Ефрем, желая подслужиться, тоже рассмеялся.
Барин докурил сигару, выплюнул окурок и серьезно спросил:
– Недород у вас, что ли?
– Всего…
Ефрем сдвинул брови и нахмурился.
– Ты давно из деревни?
– Месяц будя.
– Мать есть?
– Есть.
– И отец?
– И отец.
– А как попал сюда?
– Попал как?… До Ельца с володимирскими столярами по машинке ехал. Спасибо им, поддержали. Потом полотнил пешим, по шпалам. Дорогой выручили свои же, православные. Зайдешь в деревню, тебя накормят и спать уложат. Так маялся, пока до самой этой Одессы не добрался. Остановился я на околице и спрашиваю городового: «Где тут, земляк, работу достать можно?!» – «Ступай в порт!» – «А где этот порт?» Показал. Я сюда. Место, знаешь, незнакомое и люди тоже. Насилу упросился, чтобы на работу взяли… Ей-богу! Ну и злой же народ тут. Разбойники. Веришь? Бить хотели!
– Кто бить хотел?
– Да эти голоштанники! «Чего, хлеб, – обступили они, – отбивать пришел?! Ах ты, такой-сякой, цинготный!»
Парень возвысил голос:
– Ишь, хлеб отбивать. Да чей он, хлеб-то? Кто его сеял? Кто землю орал, кто хлеб косил, в скирды складывал и молотил?

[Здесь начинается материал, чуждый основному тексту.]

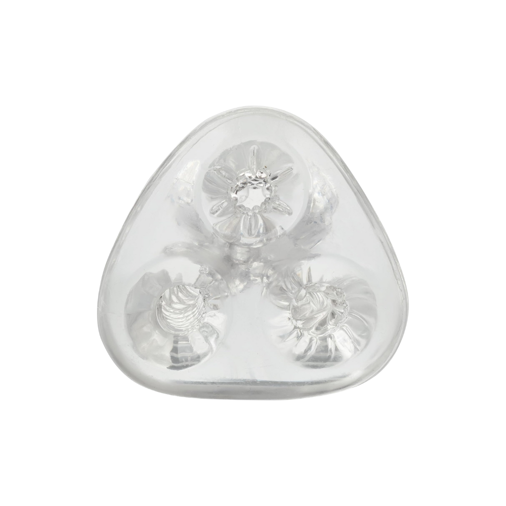 One, a super stimulating ribbed channel. Another, a dual-chambered tunnel filled with teasing ridged nubs. And the third, a swirling vortex full of stimulating waves. All three channels finally converge into one, finishing off with a thrilling combination of textures.

– Так-так! – закивал одобрительно головой Барин. Ефрем, польщенный его одобрением, слабо улыбнулся и добавил:
– Я что! Косарь! Мне бы только поддержаться малость. Наша степь ведь что скатерть. Ни травы, ни былинушки. Поддержусь и назад домой, марш! Вот крест! Не останусь тут… Ну их… Хлеб отбивать… Ишь!..

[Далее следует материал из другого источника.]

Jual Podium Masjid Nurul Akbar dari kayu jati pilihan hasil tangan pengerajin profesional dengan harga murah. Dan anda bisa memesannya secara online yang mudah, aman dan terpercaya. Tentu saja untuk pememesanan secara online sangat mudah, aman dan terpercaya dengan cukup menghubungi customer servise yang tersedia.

Глаза у Барина заблистали.
Он подполз близко к Ефрему и взволнованно спросил:
– Верно говоришь?!
– Верно.
– Так и следует! Поддержись малость и назад! Без оглядки! Не то пропадешь в городе. Смолотит. Мужику не след бросать земли.

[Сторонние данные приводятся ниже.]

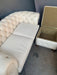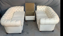 SET OF 2 WHITE LEATHER CHESTERFIELD LOVESEATS WITH MATCHING OTTOMAN

– Не след? – удивился Ефрем. – А если земли мало?
– Старая песня! – нахмурился Барин. – Знаем вас. Сам помещиком был.
– Ты? – удивился Ефрем.
– Я!.. Чего буркалы выпучил?! У меня полторы тысячи десятин чернозему было да завод конский. Ну, да это не твое дело… Ты говоришь, земли мало? Зато земли у помещика. Работай ему и жить будешь.
Парень усмехнулся и спросил:
– За пятишницу, что ли?
– А пятишницы мало? – вспылил Барин.
– Мало, себе дороже стоит!
– Четвертную, стало быть, вам?
– Коли ваша милость! – чуть слышно засмеялся парень и показал крепкие, белые зубы.
– Дурак!
– Чего ругаешься? – заметил сквозь смех Ефрем. – Мы с тобой теперь равные.
– Равные, равные! – передразнил Барин. – Ах вы! Сироты казанские! Все жалуетесь – тяжело. А помещику не тяжело!? Ну, да бог с тобой!.. Что это у тебя?! – спросил он после усталым и примиренным голосом и указал на его котомку.
– Тальянка.
– Сыграй.
Парень потянулся к котомке, вынул тальянку и заиграл монотонный, но бойкий тульский мотив.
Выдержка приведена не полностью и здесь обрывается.